Ride-hailing services continue to grow and develop throughout the world, both businesses that have an international scope and those that focus more on specific regional markets. In Southeast Asia, many such services are hard at work in building up their markets across more than one country, such as Grab which was famous for prevailing over the SEA operations of Uber and acquiring the same in 2018. One notable rival of the Singapore-based Grab is Indonesian company Go-Jek, which is on its own regional expansion phase. After success in Singapore, Thailand and Vietnam, they have gotten into trouble in the Philippines.

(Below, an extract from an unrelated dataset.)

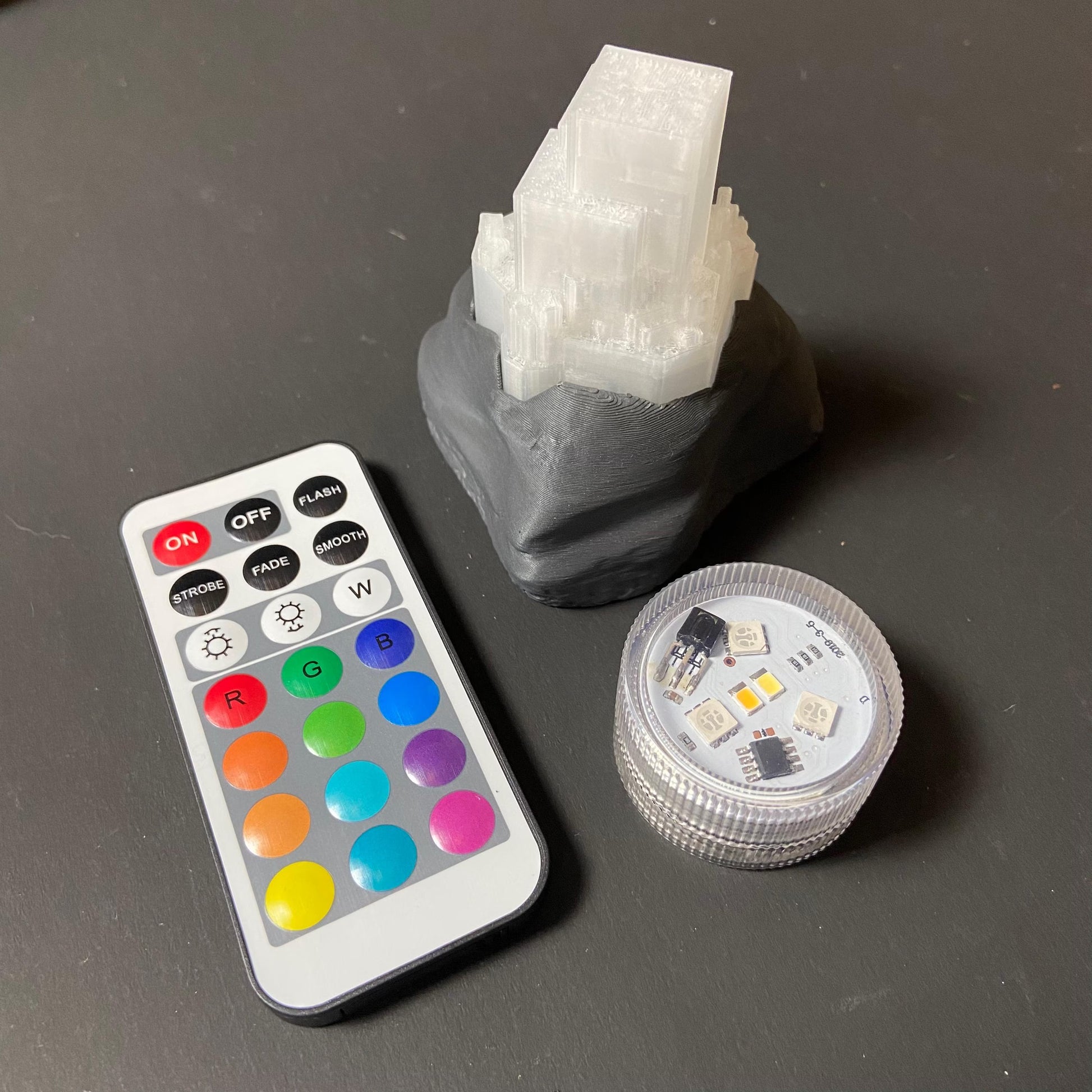 3D printed in gray and clear PLA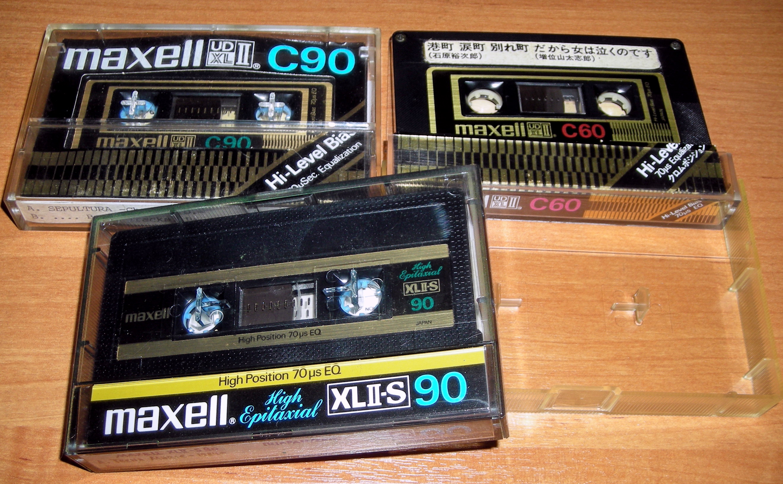 Потом UD-XLII C90 с обычным вкладышем и печатью золотом (у меня только на 60 минут есть). И самый последний XL-II c привычным двухстраничным вкладышем и простой печатью без золота.

Tech Crunch has it that Go-Jek has hit a stumbling block in the Philippines care of the Land Transportation Franchising and Regulatory Board (LTFRB). The board has denied the service rights to operate its ride-hailing in the country due to recent changes in Philippine commerce laws. All businesses in the Philippines, even local branches by overseas companies, need to be at least 60 percent own by Filipino individuals or groups. Velox Technology Philippines, which would represent Go-Jek operations in the country, has a majority ownership stake from their Singapore branch, Velox Southeast Asia Holdings, instead.
“We continue to engage positively with the LTFRB and other government agencies, as we seek to provide a much needed transport solution for the people of the Philippines,” a Go-Jek representative declared in an official statement from the ride-hailing service. Business analysts are trying to figure out how the Indonesian company failed to anticipate the regulation before setting up Velox Tech Philippines and they would not be able to change things around without needing to significantly alter their organizational structure. It is a bad blow to Go-Jek, which with assistance from Google and China’s Tencent has grown in value to over $6 billion, making it a formidable competition for Grab.
Prior to changes in the relevant laws, Philippine regulators would allow ride-hailers to set themselves up as “telecommunications services” in the country (owing to their app-based component), which is less restrictive in requirements. Now it serves as additional red tape that makes for more difficulty with this rising business sector.
In comparison, Go-Jek’s big rival Grab states that it is compliant with the 60-percent Filipino ownership rule for its local operations, much of which was gotten from their Uber SEA acquisition. The company however has not disclosed further details such as who are the majority owners of their Philippine branch.